++++ INPUT DATA
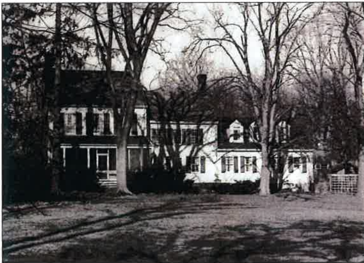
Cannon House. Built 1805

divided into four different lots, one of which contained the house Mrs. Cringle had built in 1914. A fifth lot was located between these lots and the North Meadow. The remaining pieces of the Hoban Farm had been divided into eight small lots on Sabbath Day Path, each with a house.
++++++++
++++ INPUT DATA
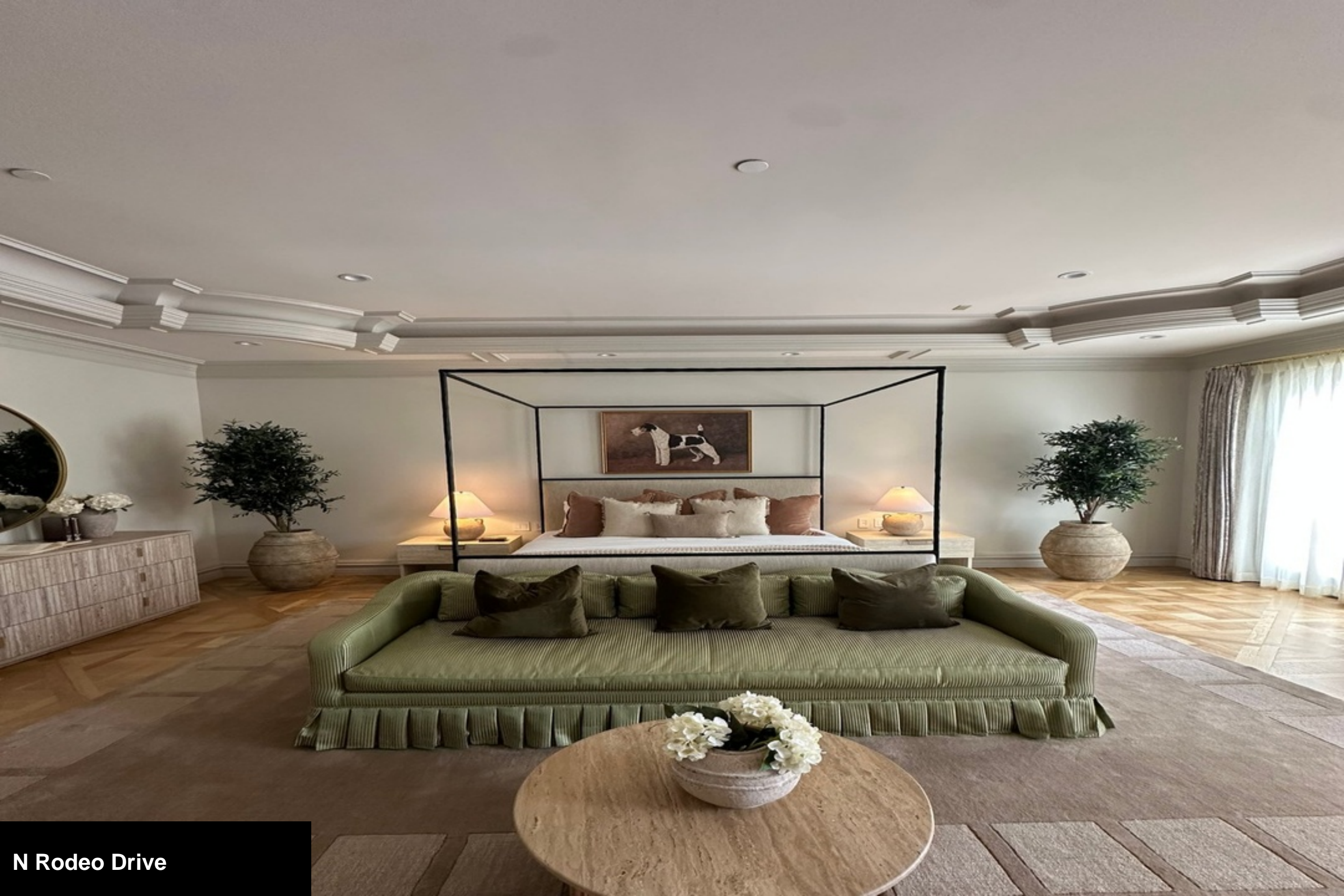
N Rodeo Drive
++++++++
++++ INPUT DATA
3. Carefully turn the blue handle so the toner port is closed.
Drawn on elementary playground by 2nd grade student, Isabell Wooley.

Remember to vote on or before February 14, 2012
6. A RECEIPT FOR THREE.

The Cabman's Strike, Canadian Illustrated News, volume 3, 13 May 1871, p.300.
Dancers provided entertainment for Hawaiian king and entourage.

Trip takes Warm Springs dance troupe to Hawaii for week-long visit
++++++++
Once you find the line with "Cannon House. Built 1805" in the entries above, output it and each line after it up to and including the line with "divided into four", and nothing else.

— REPLY TO THE EXERCISE —
Cannon House. Built 1805

divided into four different lots, one of which contained the house Mrs. Cringle had built in 1914. A fifth lot was located between these lots and the North Meadow. The remaining pieces of the Hoban Farm had been divided into eight small lots on Sabbath Day Path, each with a house.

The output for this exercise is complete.